Die Entwicklung der BHS ab 1933 wurde sowohl von der seit 1932/33 wieder anziehenden Konjunktur als auch von der Wirtschaftspolitik der Nationalsozialisten beeinflusst. So verbesserte sich mit dem Autobahnbau die Auftragslage des auf Straßenmaschinen spezialisierten Hüttenwerks Sonthofen. Die Autarkiepolitik der Nationalsozialisten bedingte eine Verlagerung auf das Inlandgeschäft. Gleichzeitig mussten die Preise für Salz und Kohle auf dem Niveau von 1925 bzw. 1932 gehalten werden. Große Auswirkungen hatte das im Vierjahresplan von 1936 verkündete Ziel, Deutschland von Rohstoffimporten unabhängiger zu machen.

Ab 1935/36 nahm die BHS zusammen mit der Maxhütte den Doggererzbergbau der Gewerkschaft Kleiner Johannes bei Pegnitz wieder auf und begann mit der Erschließung neuer Gruben im Raum Vorra-Hohenstadt. Die BHS musste diese Abbaugebiete aber zusammen mit der Luitpoldhütte in Amberg zum 1. Oktober 1937 für 5,25 Mio Reichsmark an die - im Zuge des Vierjahresplans gegründeten - Reichswerke AG für Erzbergbau und Eisenhütten "Hermann-Göring" verkaufen.

Ab 1937/38 plante die BHS den Abbau von Bleierzvorkommen bei Freihung in der Oberpfalz, die schon 1879-1890 ausgebeutet worden waren. Im Raum Lam (Oberpfalz) begann die erfolglose Suche nach Schwefelkies. Der 1941 beschlossene Bau eines elektrochemischen Werks in Bad Reichenhall wurde kriegsbedingt nicht verwirklicht.

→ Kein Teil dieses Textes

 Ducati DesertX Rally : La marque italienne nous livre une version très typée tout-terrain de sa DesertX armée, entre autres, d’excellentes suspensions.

Die Kohlenförderung in Peißenberg wurde im Zuge des Vierjahresplans ab 1936 durch die Erhöhung der täglichen Arbeitszeit und den Ausbau der Grube gesteigert (Bau des Wetterschachtes Hohenpeißenberg 1937-1945, Ausbau von Peiting).

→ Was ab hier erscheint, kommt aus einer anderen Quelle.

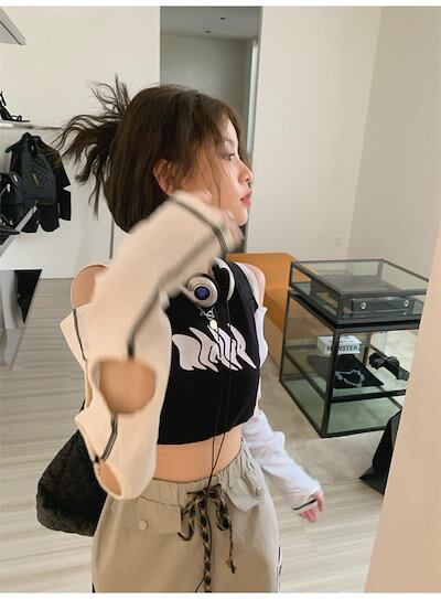 2024春夏 トップス 長袖 可愛い おしゃれ タイトフィット ショート T 重ね着丈 肌見せ フレンチ 女っぽ Tファッション フェミニン袖きれいめ 色っぽ プリントレイヤード韓国 レディース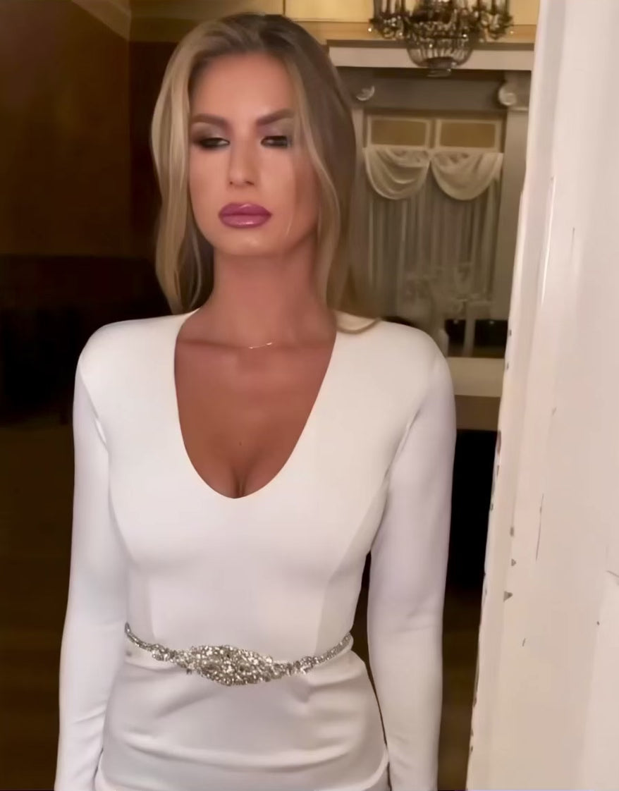 A subtle crystal waist detail introduces contrast and quiet shine.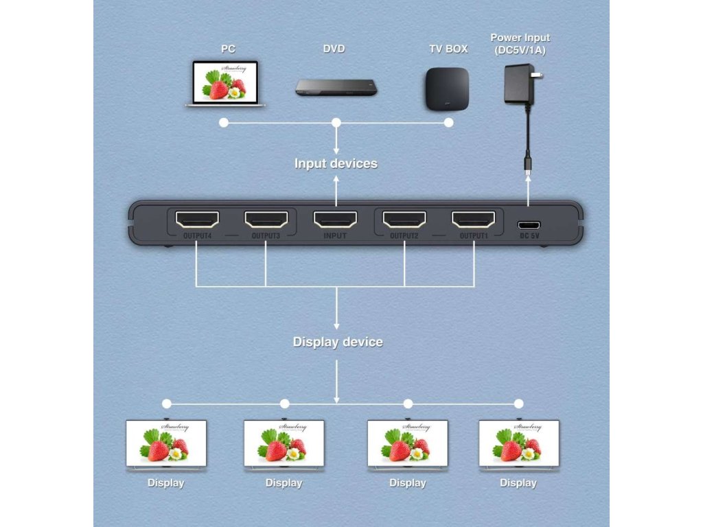 Popis produktu: Rozdeľovač HDMI 2.0 PremiumCord 1-4 porty, 4K x 2K/60Hz, FULL HD, 3D, HDR Môžete pripojiť viacero obrazoviek HDMI k jednému zdroju signálu HDMI, ako je PC, notebook, DVD, set top box atď. - 1 x zásuvka HDMI (typ A) - Výstup: 4 x V/5 V 1A - 1xLED indikacia napájania na prednom paneli, 4xLED indikacia signálov na portoch - Podporuje 3D a HDTV až do Ultra HD 3840X2160/60HZ, YUV 4:4:4 chroma - Rozlíšenie: 480i, 480p, 7 1080p, 4Kx2K/60Hz - Podporuje HDR (zobrazovanie s vysokým dynamickým rozsahom) - Podporuje HDMI 2.0, HDMI1.4 - Podporuje HDCP2.2 - Rozdeľovač obsahuje atívny zosilňovač signálu, ktorý umožňuje pripojiť káble s dĺžkou až 10 m za rozdelovač. Kabely musia mať kvalitné medené vodiče a dostatočný prierez vodičov (min. AWG24) pre dĺžku kábla a použité rozlišenie videosignálu. - Šírka pásma (MHz): 25 MHz - 600 MHz. - Maximálna rýchlosť prenosu dát 18 Gb/s - Podpora zvukových formátov: 7.1/5.1/2.1 CH Dolby Digital, DTS-HD a Dolby TrueHD audio - Podpora 8/10/12 bitovej farebnej hĺbky - Prenáša obraz aj zvuk - Pekný malý černý plastový kryt - Spotreba menej ako 4 W - Prevádzková teplota: 0 - 60 - rozmery: 158,5 mm x 82,8 mm x 16 mm - hmotnosť: 136 g - balené v papierovej krabici s kódom EAN Návod na zapojenie: 1) Pripojte vstup rozdelovača HDMI pomocou kábla HDMI k zdroju signálu a výstup pripojte k zobrazovacej jednotke alebo monitoru. 2) Zapojte napájací adaptér do zásuvky 230 V a do zásuvky DC 5 V. Ak sa obraz nezobrazí ihneď po zapojení rozdelovača, počkajte približne 30 s, kým sa rozpozná signál HDMI.Dodatočné parametre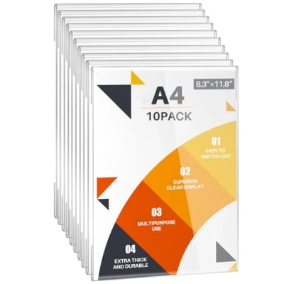 【Landscape or Portrait Orientation】Available in both horizontal (landscape) and vertical (portrait) versions to perfectly fit your display needs. Ideal for A4 documents including menus, certificates, advertisements, and artwork (21×29.7cm). 【Easy to Install & Universal Adhesion】Includes high-quality adhesive strips for long-lasting hold. Easy peel-and-stick installation works on most smooth surfaces without tools or drilling. 【Effortless to Update Content】Easily swap out A4 rotating menus, promotions, or children’s art in seconds for effortless updates. 【Crystal Clear & Durable】Made with durable 2.0mm crystal-clear acrylic that resists scratches and yellowing. Crystal clear acrylic maintains document visibility. Easy to clean with a damp cloth. 【Multiple Pack Options & Reliable Service】Choose from different quantity packs to suit your needs, with greater savings on larger sets. Backed by 24/7 customer support for any inquiries.

Im Laufe des Zweiten Weltkriegs stellten die Hüttenwerke, vor allem Sonthofen, ihre Produktion auf Rüstungsgüter um. Durch Einberufungen sank die Belegschaft der BHS von ca. 4.200 Mitarbeitern (1939) auf 3.500 (1944). Die Lücken schlossen bis zu 1.800 Fremdarbeiter und Kriegsgefangene. Noch vor der Kapitulation mussten die Werke 1945 ihren Betrieb wegen Rohstoffmangel und Transportschwierigkeiten teilweise einstellen.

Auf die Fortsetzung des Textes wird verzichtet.